How do you solve Find And Replace in String on LeetCode?

Find And Replace in String (LeetCode #833) can be solved using Brute Force or Optimal Solution. The optimal approach is Optimal Solution with O(n) time complexity and O(n) space complexity. Key insight: Replacements should not overlap, allowing for simpler logic.

What is the time complexity of Find And Replace in String?

The optimal solution for Find And Replace in String runs in O(n) time and uses O(n) space. The time complexity is O(n) because we only traverse the string once, and the space complexity is O(n) due to the storage of the result.

What is the brute force solution for Find And Replace in String?

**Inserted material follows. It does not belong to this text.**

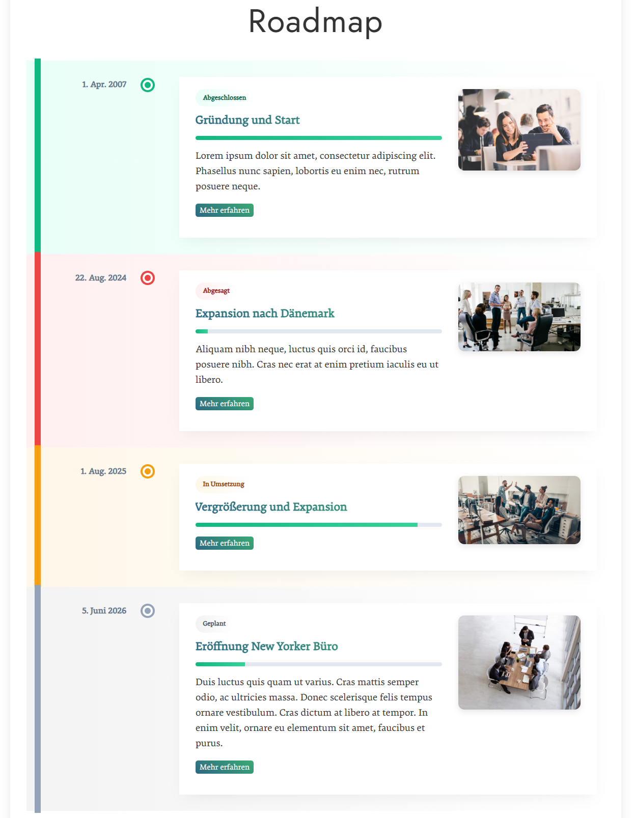 - Schöne, zeitliche Timeline mit farbigen Status-Punkten (Geplant, In Umsetzung, Abgeschlossen, Abgesagt)

The brute force approach for Find And Replace in String is Brute Force, with O(n²) time complexity and O(1) space complexity. The brute force approach checks each replacement operation one by one. For each operation, it verifies if the source string exists at the specified index and performs the replacement if it does. The optimal Optimal Solution approach improves this to O(n).

What algorithm or data structure is used to solve Find And Replace in String?

Find And Replace in String uses the following concepts: Array, Hash Table, String, Sorting. The recommended patterns to study are: Hash Map, Array.

What are the interview tips for Find And Replace in String?

Clarify the problem constraints and edge cases. Discuss your thought process and approach before coding. Test your code with different inputs after writing.

What are common mistakes when solving Find And Replace in String?

Not checking if the source string matches before replacing. Forgetting to handle the remaining part of the string after replacements.

#833

Find And Replace in String

Medium

ArrayHash TableStringSortingHash MapArray

LeetCode ↗

Approaches

Brute ForceOptimal

Complexity Comparison

	Brute Force	Optimal Solution★
Time	O(n²)	O(n)
Space	O(1)	O(n)

💡

Intuition

Time O(n)Space O(n)

The optimal approach uses a list to collect parts of the string that need to be replaced and then constructs the final string in one go. This avoids repeated string concatenation, which is inefficient.

⚙️

Algorithm

6 steps

1Step 1: Create a list 'result' to hold parts of the final string.
2Step 2: Initialize a variable 'lastIndex' to track the end of the last replacement.
3Step 3: Loop through each index in 'indices'.
4Step 4: For each index, check if 'sources[i]' matches the substring of 's' starting at 'indices[i]'.
5Step 5: If it matches, add the substring from 'lastIndex' to 'indices[i]' and the corresponding 'targets[i]' to 'result'. Update 'lastIndex' to the end of the current replacement.
6Step 6: After the loop, add the remaining part of 's' from 'lastIndex' to 'result'. Join the list into a final string and return it.

solution.py15 lines

1s = 'abcd'
2indices = [0, 2]
3sources = ['a', 'cd']
4targets = ['eee', 'ffff']
5
6result = []
7lastIndex = 0
8for i in range(len(indices)):
9    if s[indices[i]:indices[i]+len(sources[i])] == sources[i]:
10        result.append(s[lastIndex:indices[i]])
11        result.append(targets[i])
12        lastIndex = indices[i] + len(sources[i])
13result.append(s[lastIndex:])
14final_result = ''.join(result)
15print(final_result)

ℹ

Complexity note: The time complexity is O(n) because we only traverse the string once, and the space complexity is O(n) due to the storage of the result.

1Replacements should not overlap, allowing for simpler logic.
2Using a list to build the result is more efficient than repeated string concatenation.

Solutions and explanations are original Tejav content. Problem titles © LeetCode — use the LeetCode button above for the full problem statement.